Ainda sobre o perfil da personagem Mariana, por vezes denominada “O anjo da


compaixão” (p.110) ao perder seu pai, dedica a vida inteira para seguir e viver para o
seu amor, Simão Botelho, ela vai à prisão com ele e é exilada para Índia junto com ele
também. Nessa revolução de amor de Mariana por seu amado, vale sobretudo destacar
que essa decadência de vida de Simão ao ponto de ser preso e exilado do seu país, é
resultado do homicídio que ele cometeu ao matar Baltazar (personagem, primo de
Teresa, prometido em casamento a ela).
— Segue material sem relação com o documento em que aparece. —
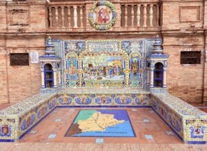 The coach took about three hours from Granada to our modern hotel in Seville in the late afternoon. Seville is a bustling, modern city with a 2,000-year-old history and is the capital of Andalusia. Historically, it was a rich area, especially when it was Spain’s main port during the colonization of South America. It welcomed the blend of Muslim, Jewish, and Christian people and cultures.

Simão matou por amor e vive uma vida
deserdado pelos pais e decadente, também como resultado do seu insano amor por
Teresa de Albuquerque, esta por sua vez, mandada pelo seu pai para um convento, para
viver uma vida longe do seu amado Simão.

Teresa morre no convento, ao ver Simão partir no navio ao exilio. Simão morre doente
no navio ao receber a notícia que Teresa viera a falecer “Acabou-se tudo!.. – murmurou
Simão. – Eis-me livre... para a morte...” (p.106) Para um ultrarromântico, perder o seu
amor é perder a vida. Como mencionado no segundo tópico dessa análise, para o
romântico, não há final feliz. Ao morrer no navio e ser jogado em alto mar pelos
marujos envolto de um lençol, Mariana atirou-se junto ao amado. “E, antes que o baque
do cadáver se fizesse ouvir na água, todos viram, já pôde segurar Mariana, que se atirara
ao mar.” (p.112). Mariana é o típico perfil do personagem romântico que busca a morte
e o suicídio por causa de um amor exagerado, a vida não lhe faz mais sentido. “Viram-
na, um momento, bracejar, não para resistir à morte, mas para abraçar-se ao cadáver de
Simão, que uma onda lhe atirou aos braços” (p.112). Essa personagem assume um
papel no qual a mulher romântica tem, ela é livre e independente do seu sentimento,
consciente e decidida das suas próprias escolhas movida pelo amor, Korfmann afirma:

Apesar de se constatar ainda uma certa tendência para a distribuição de papéis


masculinos e femininos, foram os romances românticos que introduziram a
mulher como sujeito autônomo em relação a seus sentimentos, concedendo-lhe
o “privilégio” de rejeitar ou aceitar o amor declarado, sem direito de revogação
do lado masculino. (KORFMANN.2002, p.85)

Como visto, “Amor de Perdição” é uma obra que prevalece as características


românticas, ressaltadas nesta análise o amor exagerado, a melancolia que permeia o
enredo, a morte, o homicídio e o suicídio como consequência desse amor. Por fim, os
personagens principais envolvidos nessa história de amor de perdição, pagaram um
preço mortal.
REFERÊNCIA BIBLIOGRAFICA

BRANCO, Camilo Castelo. Amor de Perdição. Editora Scipione Ltda. São Paulo,
1999.
GARCEZ, Maria Helena Nery. Acerca das designações dos agentes em "Amor de
perdição”. Colóquio: Letras. 1992.

KORFMANN, Michael. O romantismo e a semântica do amor. Fragmentos, número


23, p. 083/101 Florianópolis/ jul - dez/ 2002
MOISÉS, Massaud. A literatura portuguesa. São Paulo: Cultrix, 2008.